Dataset excerpts:
►

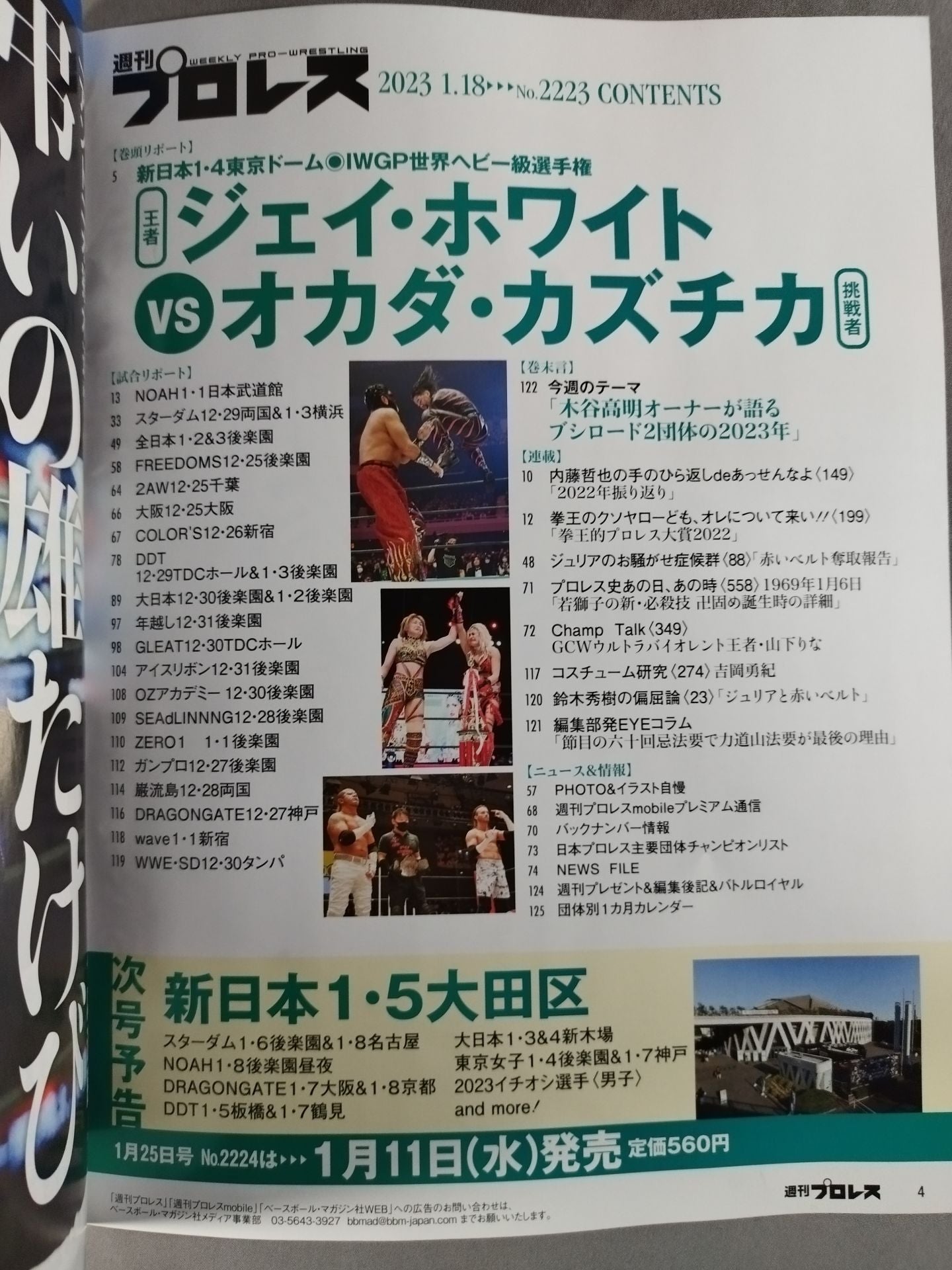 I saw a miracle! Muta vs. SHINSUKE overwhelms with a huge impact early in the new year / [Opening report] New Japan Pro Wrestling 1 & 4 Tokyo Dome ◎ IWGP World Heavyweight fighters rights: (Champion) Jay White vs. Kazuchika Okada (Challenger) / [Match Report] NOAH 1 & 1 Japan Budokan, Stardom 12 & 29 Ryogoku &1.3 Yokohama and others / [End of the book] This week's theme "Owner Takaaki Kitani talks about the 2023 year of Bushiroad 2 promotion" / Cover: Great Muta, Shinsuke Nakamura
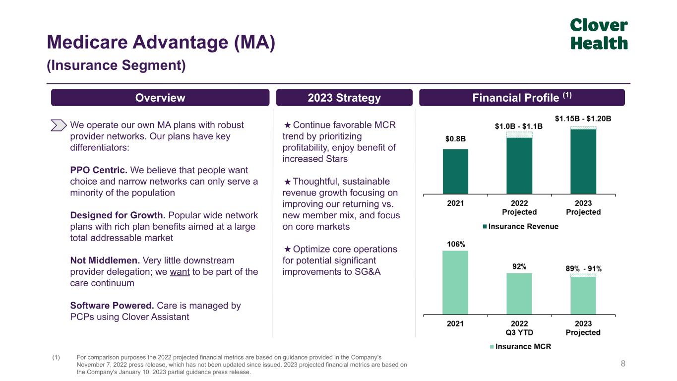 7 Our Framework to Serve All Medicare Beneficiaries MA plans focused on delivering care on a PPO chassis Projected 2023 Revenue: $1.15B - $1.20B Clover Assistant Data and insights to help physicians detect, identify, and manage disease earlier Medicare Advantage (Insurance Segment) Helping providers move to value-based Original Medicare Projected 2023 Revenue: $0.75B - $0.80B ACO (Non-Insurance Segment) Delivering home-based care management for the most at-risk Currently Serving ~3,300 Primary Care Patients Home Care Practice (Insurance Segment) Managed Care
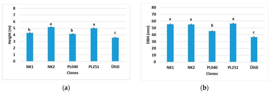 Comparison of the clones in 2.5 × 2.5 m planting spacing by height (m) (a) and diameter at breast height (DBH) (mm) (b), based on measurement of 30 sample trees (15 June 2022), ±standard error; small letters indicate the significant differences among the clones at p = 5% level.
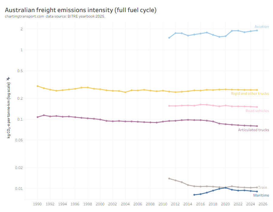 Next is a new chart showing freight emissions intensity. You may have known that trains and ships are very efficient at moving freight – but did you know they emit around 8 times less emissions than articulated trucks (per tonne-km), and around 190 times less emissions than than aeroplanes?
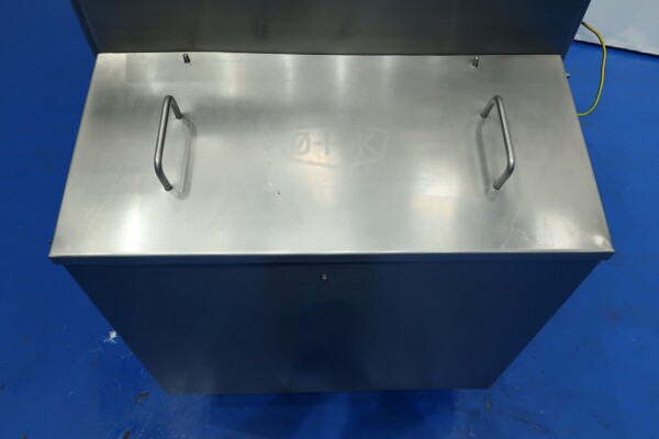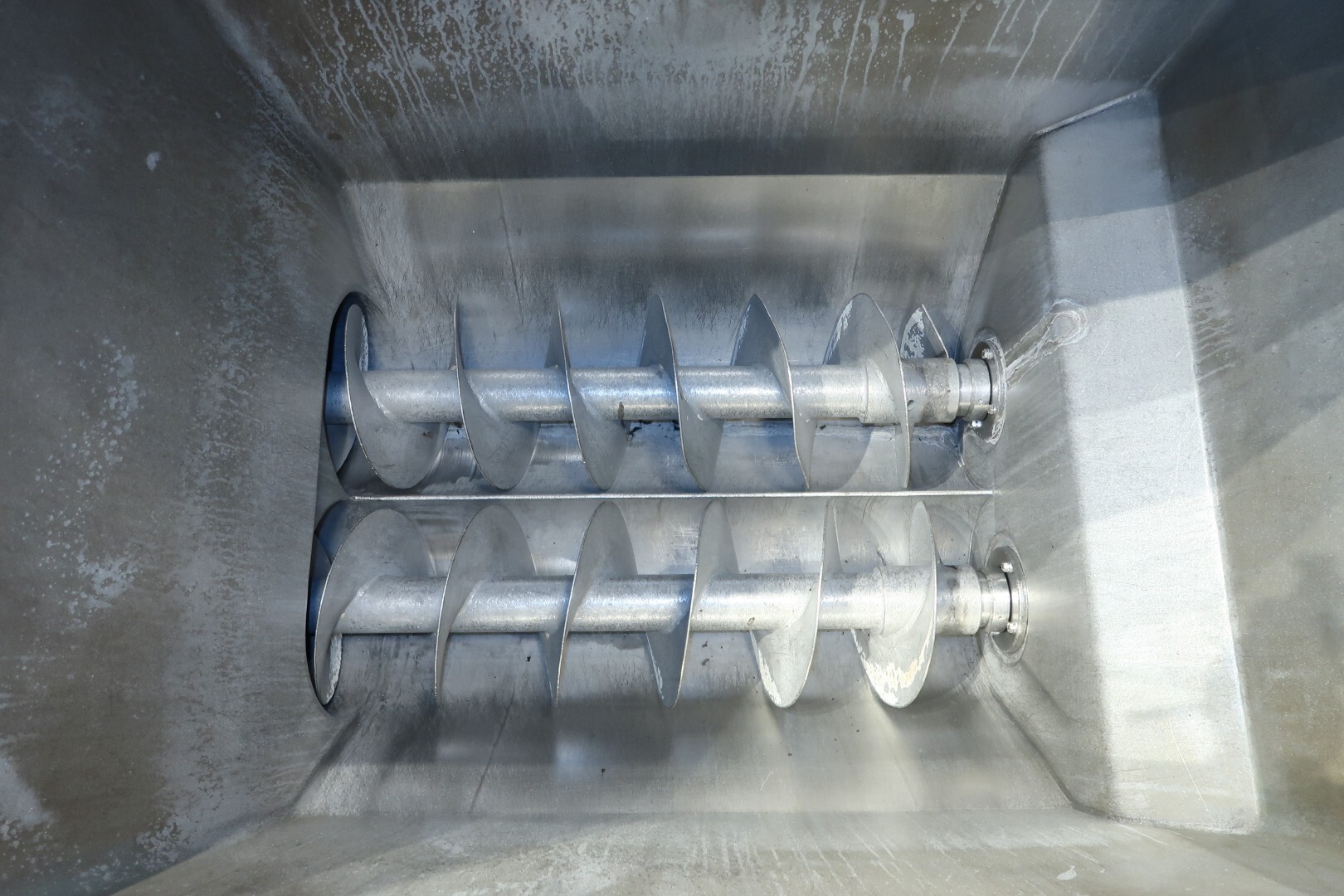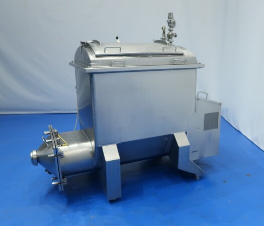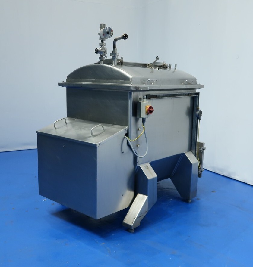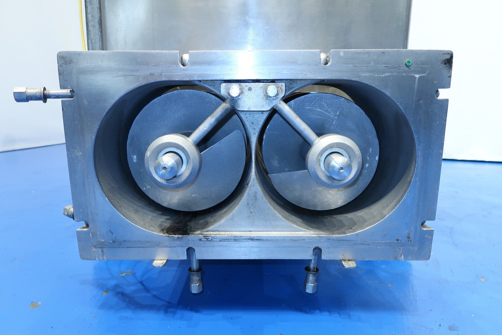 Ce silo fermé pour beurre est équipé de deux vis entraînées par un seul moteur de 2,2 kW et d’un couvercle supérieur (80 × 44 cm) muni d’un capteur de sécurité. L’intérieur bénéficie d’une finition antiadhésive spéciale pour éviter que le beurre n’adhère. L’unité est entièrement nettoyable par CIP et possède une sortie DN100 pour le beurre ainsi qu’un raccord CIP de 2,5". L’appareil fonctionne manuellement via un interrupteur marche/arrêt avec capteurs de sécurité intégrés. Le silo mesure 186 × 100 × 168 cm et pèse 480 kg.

◄

Please restate word for word the lines above, starting with the line that holds "Comparison of the" and ending with the final line of the records, while leaving out pictures.

 Comparison of the clones in 2.5 × 2.5 m planting spacing by height (m) (a) and diameter at breast height (DBH) (mm) (b), based on measurement of 30 sample trees (15 June 2022), ±standard error; small letters indicate the significant differences among the clones at p = 5% level.
 Next is a new chart showing freight emissions intensity. You may have known that trains and ships are very efficient at moving freight – but did you know they emit around 8 times less emissions than articulated trucks (per tonne-km), and around 190 times less emissions than than aeroplanes?
 Ce silo fermé pour beurre est équipé de deux vis entraînées par un seul moteur de 2,2 kW et d’un couvercle supérieur (80 × 44 cm) muni d’un capteur de sécurité. L’intérieur bénéficie d’une finition antiadhésive spéciale pour éviter que le beurre n’adhère. L’unité est entièrement nettoyable par CIP et possède une sortie DN100 pour le beurre ainsi qu’un raccord CIP de 2,5". L’appareil fonctionne manuellement via un interrupteur marche/arrêt avec capteurs de sécurité intégrés. Le silo mesure 186 × 100 × 168 cm et pèse 480 kg.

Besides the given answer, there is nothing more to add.